What the task requires:
A verbatim copy of all the data is required; the pictures should not appear in it.

Dataset excerpt:
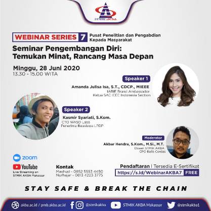 Enam ratusan lebih join peserta pada Webinar Nasional STMIK AKBA seri ke-7 di gelar Ahad 28 Juni 2020. Seminar digital ini menampilkan nara sumber juga dari jalan anak muda milenial yakni; Amanda Julisa Isa ST, CDCP, MIEF, sehari hari adalah IABIE Brand Ambasador. Demikian Koordinator Webinar Series STMIK AKBA 2020, Dra. Ratnawati, M.Si kepada media, Senin (29/6/2020).
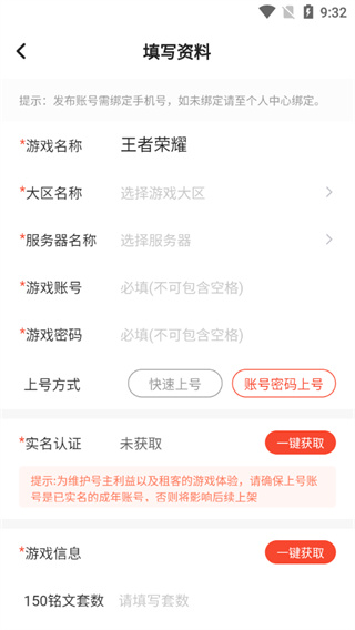 填写账号信息:根据提示填写账号的详细信息,包括游戏名称、账号等级、装备情况、租赁价格等。
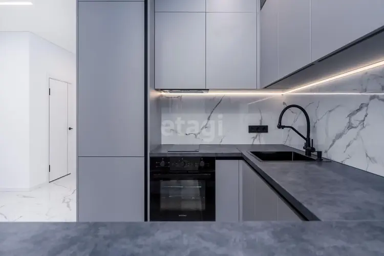 Кухня укомплектована всей необходимой техникой (духовой шкаф, посудомоечная машина, холодильник, вытяжка, варочная поверхность).

Answer section:
 Enam ratusan lebih join peserta pada Webinar Nasional STMIK AKBA seri ke-7 di gelar Ahad 28 Juni 2020. Seminar digital ini menampilkan nara sumber juga dari jalan anak muda milenial yakni; Amanda Julisa Isa ST, CDCP, MIEF, sehari hari adalah IABIE Brand Ambasador. Demikian Koordinator Webinar Series STMIK AKBA 2020, Dra. Ratnawati, M.Si kepada media, Senin (29/6/2020).
 填写账号信息:根据提示填写账号的详细信息,包括游戏名称、账号等级、装备情况、租赁价格等。
 Кухня укомплектована всей необходимой техникой (духовой шкаф, посудомоечная машина, холодильник, вытяжка, варочная поверхность).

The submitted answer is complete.